章毓摇头,“与我无我,就凭我的本事,连一个普通人都不是对手,我就是有心也无力,何况我从没想过如此。”她怎么可能做出那种事,那个陆府的少爷,死相不堪入目,岂是她能干出的事,换句话说,就是她想,她也没办法做到。
“在所有真相大白之前,你不能离我半分。”顾容亭盘腿开始打坐,闭上眼不再说话。
他一念之仁不忍夺她性命,概因她本体弱小无害,化形后目光清澈,周身气息纯净,天地万物间能生出如此灵秀之物,也让他陡生感化之心,如果真的不是她所为,也许能留她一命,但如果最后证明和她有关,她也将难逃一死。

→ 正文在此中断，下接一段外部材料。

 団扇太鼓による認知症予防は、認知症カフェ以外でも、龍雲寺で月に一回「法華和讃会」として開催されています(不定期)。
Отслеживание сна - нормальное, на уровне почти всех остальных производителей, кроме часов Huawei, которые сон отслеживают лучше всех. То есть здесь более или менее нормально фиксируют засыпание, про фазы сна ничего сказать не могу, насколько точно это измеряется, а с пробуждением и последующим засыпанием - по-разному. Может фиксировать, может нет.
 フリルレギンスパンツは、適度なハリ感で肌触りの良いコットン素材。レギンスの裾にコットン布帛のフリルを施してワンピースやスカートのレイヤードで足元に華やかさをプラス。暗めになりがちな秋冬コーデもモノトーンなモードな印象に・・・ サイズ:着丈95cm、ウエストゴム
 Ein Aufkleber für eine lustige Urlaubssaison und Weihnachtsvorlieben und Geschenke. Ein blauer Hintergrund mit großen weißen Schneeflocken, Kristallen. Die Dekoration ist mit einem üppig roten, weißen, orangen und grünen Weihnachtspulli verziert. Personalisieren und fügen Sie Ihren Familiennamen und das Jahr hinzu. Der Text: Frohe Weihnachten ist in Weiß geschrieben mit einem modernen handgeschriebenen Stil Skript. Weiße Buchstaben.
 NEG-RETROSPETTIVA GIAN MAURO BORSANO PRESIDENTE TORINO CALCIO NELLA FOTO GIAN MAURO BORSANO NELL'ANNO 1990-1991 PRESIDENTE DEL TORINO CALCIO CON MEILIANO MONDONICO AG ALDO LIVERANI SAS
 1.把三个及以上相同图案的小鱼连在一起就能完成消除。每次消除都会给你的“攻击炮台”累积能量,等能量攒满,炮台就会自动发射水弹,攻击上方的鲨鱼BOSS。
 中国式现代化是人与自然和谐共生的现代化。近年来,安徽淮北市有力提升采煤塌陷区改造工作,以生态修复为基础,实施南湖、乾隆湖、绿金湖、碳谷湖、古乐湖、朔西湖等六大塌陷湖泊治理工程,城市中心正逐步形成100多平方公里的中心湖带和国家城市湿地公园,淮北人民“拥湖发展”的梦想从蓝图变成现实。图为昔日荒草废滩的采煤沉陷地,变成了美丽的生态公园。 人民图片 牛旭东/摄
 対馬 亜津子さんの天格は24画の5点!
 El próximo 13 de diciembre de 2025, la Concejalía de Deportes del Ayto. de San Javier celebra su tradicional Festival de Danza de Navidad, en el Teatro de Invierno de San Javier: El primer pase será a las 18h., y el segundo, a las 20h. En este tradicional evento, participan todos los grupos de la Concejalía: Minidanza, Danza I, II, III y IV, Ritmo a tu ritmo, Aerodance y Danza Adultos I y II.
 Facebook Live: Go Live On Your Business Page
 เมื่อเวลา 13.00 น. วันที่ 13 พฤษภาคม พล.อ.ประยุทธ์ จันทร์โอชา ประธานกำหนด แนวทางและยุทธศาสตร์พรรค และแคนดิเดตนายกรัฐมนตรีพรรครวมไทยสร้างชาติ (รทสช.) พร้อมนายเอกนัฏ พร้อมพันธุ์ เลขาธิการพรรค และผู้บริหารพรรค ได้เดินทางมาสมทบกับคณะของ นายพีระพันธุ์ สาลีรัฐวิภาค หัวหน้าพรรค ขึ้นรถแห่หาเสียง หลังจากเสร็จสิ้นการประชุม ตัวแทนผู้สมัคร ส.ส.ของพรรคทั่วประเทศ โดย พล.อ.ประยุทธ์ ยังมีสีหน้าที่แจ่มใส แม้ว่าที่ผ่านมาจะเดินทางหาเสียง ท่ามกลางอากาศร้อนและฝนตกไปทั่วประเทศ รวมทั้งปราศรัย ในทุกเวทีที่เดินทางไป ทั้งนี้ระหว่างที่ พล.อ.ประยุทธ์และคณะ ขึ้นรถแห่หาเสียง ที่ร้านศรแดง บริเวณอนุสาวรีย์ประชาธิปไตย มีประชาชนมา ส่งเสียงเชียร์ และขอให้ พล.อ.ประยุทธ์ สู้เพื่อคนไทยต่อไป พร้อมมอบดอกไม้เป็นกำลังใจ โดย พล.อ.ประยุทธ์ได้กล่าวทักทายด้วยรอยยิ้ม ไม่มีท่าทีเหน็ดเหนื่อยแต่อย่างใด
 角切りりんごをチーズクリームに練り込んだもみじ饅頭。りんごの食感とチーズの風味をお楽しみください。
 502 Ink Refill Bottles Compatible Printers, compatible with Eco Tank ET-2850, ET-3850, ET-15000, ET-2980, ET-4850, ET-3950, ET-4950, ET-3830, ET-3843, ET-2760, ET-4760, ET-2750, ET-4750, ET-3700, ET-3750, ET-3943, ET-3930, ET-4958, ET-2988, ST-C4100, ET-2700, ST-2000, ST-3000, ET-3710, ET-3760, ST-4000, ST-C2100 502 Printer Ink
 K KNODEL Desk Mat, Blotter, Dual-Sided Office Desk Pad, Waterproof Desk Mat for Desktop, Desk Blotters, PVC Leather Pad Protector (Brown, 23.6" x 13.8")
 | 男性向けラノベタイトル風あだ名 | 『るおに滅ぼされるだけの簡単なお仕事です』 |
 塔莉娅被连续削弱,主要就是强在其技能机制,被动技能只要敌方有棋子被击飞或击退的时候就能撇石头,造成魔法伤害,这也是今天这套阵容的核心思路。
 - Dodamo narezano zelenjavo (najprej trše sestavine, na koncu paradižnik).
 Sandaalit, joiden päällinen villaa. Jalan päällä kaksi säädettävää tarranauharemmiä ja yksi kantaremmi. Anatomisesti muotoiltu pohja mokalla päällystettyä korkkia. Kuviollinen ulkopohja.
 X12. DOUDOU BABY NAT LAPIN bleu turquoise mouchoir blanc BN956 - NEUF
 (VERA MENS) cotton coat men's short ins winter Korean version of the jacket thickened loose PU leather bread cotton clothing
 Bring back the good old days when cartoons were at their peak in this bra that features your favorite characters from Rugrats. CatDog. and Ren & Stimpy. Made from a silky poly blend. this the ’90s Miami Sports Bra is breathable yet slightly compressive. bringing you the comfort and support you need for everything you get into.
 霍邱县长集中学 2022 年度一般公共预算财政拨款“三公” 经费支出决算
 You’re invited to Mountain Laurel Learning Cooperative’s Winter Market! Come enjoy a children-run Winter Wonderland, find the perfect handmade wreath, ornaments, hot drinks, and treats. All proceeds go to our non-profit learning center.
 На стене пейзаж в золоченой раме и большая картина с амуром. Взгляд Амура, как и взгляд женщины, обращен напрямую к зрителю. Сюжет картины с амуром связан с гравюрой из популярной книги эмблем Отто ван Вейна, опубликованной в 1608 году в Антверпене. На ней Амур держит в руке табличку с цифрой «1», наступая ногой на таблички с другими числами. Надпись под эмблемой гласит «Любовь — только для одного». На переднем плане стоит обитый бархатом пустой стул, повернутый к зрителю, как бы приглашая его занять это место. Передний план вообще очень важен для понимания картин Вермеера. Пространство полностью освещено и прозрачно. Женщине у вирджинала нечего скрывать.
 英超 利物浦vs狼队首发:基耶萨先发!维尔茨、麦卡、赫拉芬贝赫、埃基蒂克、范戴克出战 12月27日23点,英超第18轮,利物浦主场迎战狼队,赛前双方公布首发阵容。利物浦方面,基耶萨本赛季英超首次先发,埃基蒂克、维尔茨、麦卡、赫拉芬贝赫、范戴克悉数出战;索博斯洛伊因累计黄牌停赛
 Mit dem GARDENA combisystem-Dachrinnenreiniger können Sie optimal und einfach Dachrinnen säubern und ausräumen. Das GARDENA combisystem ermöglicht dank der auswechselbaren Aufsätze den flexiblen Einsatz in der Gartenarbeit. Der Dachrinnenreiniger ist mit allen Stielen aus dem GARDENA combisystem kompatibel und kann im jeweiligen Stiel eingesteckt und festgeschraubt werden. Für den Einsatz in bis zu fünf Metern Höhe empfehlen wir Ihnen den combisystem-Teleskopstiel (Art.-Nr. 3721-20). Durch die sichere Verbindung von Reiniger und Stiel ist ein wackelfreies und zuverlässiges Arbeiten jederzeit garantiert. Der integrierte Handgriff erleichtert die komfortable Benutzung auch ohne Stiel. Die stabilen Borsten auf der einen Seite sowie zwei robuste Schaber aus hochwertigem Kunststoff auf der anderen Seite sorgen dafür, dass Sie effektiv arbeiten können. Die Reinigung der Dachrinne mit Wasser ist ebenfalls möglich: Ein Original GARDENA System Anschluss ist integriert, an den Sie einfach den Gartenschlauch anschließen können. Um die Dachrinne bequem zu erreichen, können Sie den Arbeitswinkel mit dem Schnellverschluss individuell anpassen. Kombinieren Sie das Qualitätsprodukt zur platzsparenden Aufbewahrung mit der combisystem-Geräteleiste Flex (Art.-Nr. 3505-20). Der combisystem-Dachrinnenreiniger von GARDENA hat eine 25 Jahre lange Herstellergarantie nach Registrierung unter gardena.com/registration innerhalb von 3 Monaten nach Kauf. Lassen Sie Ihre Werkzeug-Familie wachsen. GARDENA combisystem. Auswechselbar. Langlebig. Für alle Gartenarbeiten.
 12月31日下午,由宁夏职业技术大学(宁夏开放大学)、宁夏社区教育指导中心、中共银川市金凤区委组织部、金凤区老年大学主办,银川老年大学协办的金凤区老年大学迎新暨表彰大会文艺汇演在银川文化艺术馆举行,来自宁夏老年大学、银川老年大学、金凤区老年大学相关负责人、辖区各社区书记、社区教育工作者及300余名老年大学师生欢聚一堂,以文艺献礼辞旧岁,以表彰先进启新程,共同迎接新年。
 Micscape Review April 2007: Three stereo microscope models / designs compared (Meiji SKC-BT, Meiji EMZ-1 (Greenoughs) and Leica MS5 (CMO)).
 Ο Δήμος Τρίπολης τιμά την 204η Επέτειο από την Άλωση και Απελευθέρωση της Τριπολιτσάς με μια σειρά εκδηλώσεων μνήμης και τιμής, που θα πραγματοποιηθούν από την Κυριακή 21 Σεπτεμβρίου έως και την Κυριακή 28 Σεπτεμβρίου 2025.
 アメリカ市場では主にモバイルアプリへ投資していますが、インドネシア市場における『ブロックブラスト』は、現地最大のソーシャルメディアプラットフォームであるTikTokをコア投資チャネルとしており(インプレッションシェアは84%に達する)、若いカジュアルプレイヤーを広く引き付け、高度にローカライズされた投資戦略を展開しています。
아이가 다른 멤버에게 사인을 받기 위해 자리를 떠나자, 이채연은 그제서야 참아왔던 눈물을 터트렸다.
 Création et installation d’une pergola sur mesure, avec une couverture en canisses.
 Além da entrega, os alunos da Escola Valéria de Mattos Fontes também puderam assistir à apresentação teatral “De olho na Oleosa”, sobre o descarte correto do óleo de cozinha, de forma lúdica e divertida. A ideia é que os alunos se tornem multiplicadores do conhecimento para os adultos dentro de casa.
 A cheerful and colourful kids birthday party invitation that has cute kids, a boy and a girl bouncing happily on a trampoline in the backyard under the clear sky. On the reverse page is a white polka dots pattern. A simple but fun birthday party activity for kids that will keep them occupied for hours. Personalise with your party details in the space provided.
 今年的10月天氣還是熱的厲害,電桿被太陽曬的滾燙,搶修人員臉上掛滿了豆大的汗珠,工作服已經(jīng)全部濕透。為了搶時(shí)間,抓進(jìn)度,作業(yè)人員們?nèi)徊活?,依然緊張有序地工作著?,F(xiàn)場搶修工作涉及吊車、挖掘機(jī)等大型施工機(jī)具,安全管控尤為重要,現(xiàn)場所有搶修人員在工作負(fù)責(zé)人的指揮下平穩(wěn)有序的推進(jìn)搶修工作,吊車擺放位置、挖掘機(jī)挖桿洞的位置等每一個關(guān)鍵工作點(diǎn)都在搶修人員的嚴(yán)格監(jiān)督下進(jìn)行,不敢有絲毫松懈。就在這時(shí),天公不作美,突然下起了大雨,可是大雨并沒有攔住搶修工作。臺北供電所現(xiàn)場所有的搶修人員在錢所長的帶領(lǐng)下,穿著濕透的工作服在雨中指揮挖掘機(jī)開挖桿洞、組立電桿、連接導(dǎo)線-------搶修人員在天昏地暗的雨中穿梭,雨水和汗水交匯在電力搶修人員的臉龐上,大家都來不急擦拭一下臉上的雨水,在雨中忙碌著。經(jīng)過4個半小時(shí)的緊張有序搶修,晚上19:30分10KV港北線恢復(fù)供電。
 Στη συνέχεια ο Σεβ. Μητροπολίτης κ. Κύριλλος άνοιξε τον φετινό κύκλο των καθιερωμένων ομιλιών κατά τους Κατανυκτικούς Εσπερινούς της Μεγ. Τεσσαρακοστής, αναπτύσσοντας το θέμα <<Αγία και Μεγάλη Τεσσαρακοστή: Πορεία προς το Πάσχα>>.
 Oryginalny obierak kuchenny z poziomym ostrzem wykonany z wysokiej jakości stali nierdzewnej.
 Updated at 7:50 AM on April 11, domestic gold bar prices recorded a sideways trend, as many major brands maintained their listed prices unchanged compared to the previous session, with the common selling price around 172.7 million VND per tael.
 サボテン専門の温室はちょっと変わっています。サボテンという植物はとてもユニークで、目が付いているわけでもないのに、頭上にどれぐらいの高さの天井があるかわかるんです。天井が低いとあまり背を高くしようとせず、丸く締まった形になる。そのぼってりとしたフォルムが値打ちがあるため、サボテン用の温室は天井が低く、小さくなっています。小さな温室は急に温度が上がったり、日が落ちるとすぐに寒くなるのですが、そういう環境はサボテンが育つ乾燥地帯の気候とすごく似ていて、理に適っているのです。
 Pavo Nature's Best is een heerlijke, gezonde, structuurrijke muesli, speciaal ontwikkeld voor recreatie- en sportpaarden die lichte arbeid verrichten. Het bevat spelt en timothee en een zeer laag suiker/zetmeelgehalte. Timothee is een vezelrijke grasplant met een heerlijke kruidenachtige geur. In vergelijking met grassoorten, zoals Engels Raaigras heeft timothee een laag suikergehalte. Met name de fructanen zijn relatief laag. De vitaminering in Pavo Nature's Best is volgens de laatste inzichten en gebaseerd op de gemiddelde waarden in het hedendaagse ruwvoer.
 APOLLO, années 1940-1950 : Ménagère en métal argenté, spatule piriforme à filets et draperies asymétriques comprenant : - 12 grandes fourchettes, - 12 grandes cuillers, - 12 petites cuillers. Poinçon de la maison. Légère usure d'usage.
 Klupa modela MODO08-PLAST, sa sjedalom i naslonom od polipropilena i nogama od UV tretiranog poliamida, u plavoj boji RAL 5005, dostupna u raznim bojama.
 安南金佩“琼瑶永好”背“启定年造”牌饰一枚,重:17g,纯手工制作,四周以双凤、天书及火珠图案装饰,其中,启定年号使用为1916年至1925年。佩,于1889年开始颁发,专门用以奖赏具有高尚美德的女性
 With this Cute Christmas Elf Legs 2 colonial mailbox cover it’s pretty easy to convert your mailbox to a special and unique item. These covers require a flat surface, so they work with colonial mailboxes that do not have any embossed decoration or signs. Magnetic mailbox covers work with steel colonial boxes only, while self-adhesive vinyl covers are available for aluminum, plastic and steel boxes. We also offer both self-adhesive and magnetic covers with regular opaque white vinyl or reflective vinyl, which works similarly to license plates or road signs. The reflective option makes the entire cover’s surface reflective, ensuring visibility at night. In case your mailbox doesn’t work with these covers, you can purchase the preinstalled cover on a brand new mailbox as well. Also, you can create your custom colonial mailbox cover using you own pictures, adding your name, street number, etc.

为了自己这个决定,他必须负起责任,监督她的任何行为,以免自己一时的心软造成无辜之人的死亡。
章毓立刻明白了他的心思,自己被判了缓刑,监外执行。
可是,好歹她也是个年轻的女子,在庄府众人眼里,她是个流落在外的可怜姑娘,就这么不明不白的和他单独待在一起,又让她以后怎么做人呢?庄府里的人会如何看她?
章毓欲言又止,不知怎么明说,妖怪也需要脸面。
他衣袖微动,没有任何征兆,她忽然发现自己又变成了一只小章鱼,孤零零地站在门边,而顾容亭已开始休息,不再理睬她。
章毓所有逃跑的念头瞬间全都放弃,现在这个样子出了这个门,不用顾容亭出手,等待她的命运大概就是厨房饭锅上的蒸笼。
待在这里就待在这里吧,名誉于她如浮云,她连人都快做不了了,小命都朝不保夕,还想其他干什么。章毓认命,乌黑的小眼睛一转,就找到了自己今晚的窝。
庄府到处都是瓶瓶罐罐,对章鱼来说这就是她的心头好,她毫不迟疑,触腕支起身体,爬上案几钻入一只特别漂亮的陶罐里,把所有的触手都藏起来,她觉得现在这样终于安全了。